Develop a modular and extensible framework for integrating various motivational systems into AGI architectures, supporting both human-like and "alien digital" intelligences. This could be done as a highly detailed and precise specification, or as a relatively simple software prototype with suggestions for generalization and extension. Bids are expected to range from $15,000 - $30,000.

Proposal Description

Our Team

Led by Emmanuella Edem-Dartey, our team combines expertise in API, AGI, docs, and ethics.

- 3 backend engineers (Python, FastAPI, Node.js)
- 2 AGI specialists (MeTTA/PRIMUS)
- 2 technical writers (AI explainability)
- 1 PhD ethics advisor (value-alignment)

Company Name (if applicable)

Catalyst Trail

Project details

*Problem Statement:

Current AGI agents in frameworks like OpenCog Hyperon and PRIMUS rely on rigid, hardcoded motivation systems. This forces developers to rebuild drives (e.g., curiosity, energy preservation) for each agent, stifling experimentation and reuse. Siloed systems also obscure decision-making logic, hindering transparency and ethical oversight.

 

*Solution Overview:

MaaS decouples motivation logic into a standalone service. Key components:

- RESTful API: Agents query endpoints like `/compute-priority` to resolve motivational conflicts. 

- Dynamic Drive Engine: YAML/JSON templates define drives (novelty, homeostasis) with adjustable weights and decay rates. 

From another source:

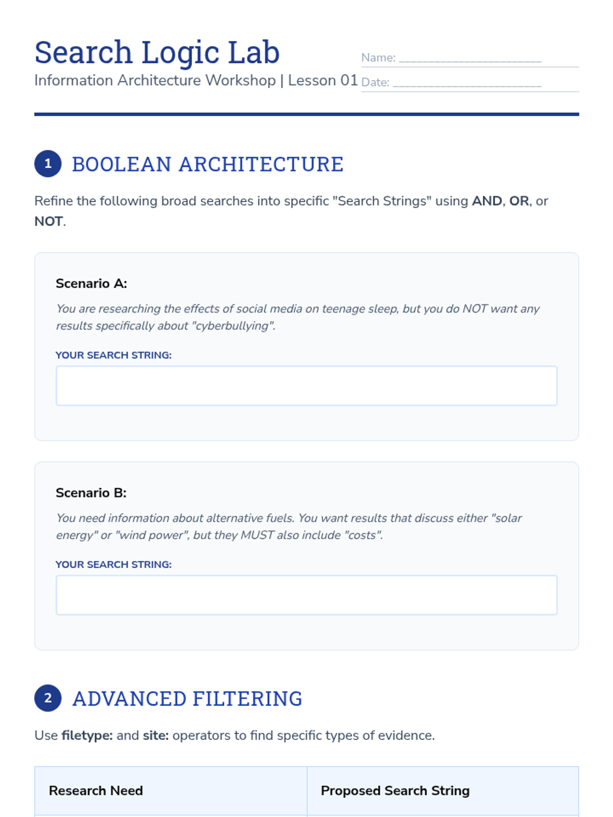 This sequence equips 9th-grade students with professional information retrieval skills, moving from basic keyword searches to complex Boolean logic, advanced search syntax, and academic database navigation. Students will learn to manipulate search algorithms and document their research process to locate high-quality, obscure information efficiently.

- Feedback Integration: Agents submit environmental feedback (e.g., task success) to dynamically update drive states. 

- Multi-Agent Support: Shared or competitive motivational profiles enable swarm behaviors. 

 

*Use Cases:

- A PRIMUS agent offloads curiosity vs. conservation priority calculations to MaaS.

- Developers hot-swap "alien" drives (e.g., entropy-maximizing) without rewriting agent code.

- Researchers audit agent decisions via transparent priority scores.

Open Source Licensing

Apache License

Background & Experience

Emmanuella Edem-Dartey: Architect of OpenCog’s motivational subsystem (2021), co‑author of three peer‑reviewed papers on modular AGI design, and speaker at AGI-2023 on decoupled motivation services.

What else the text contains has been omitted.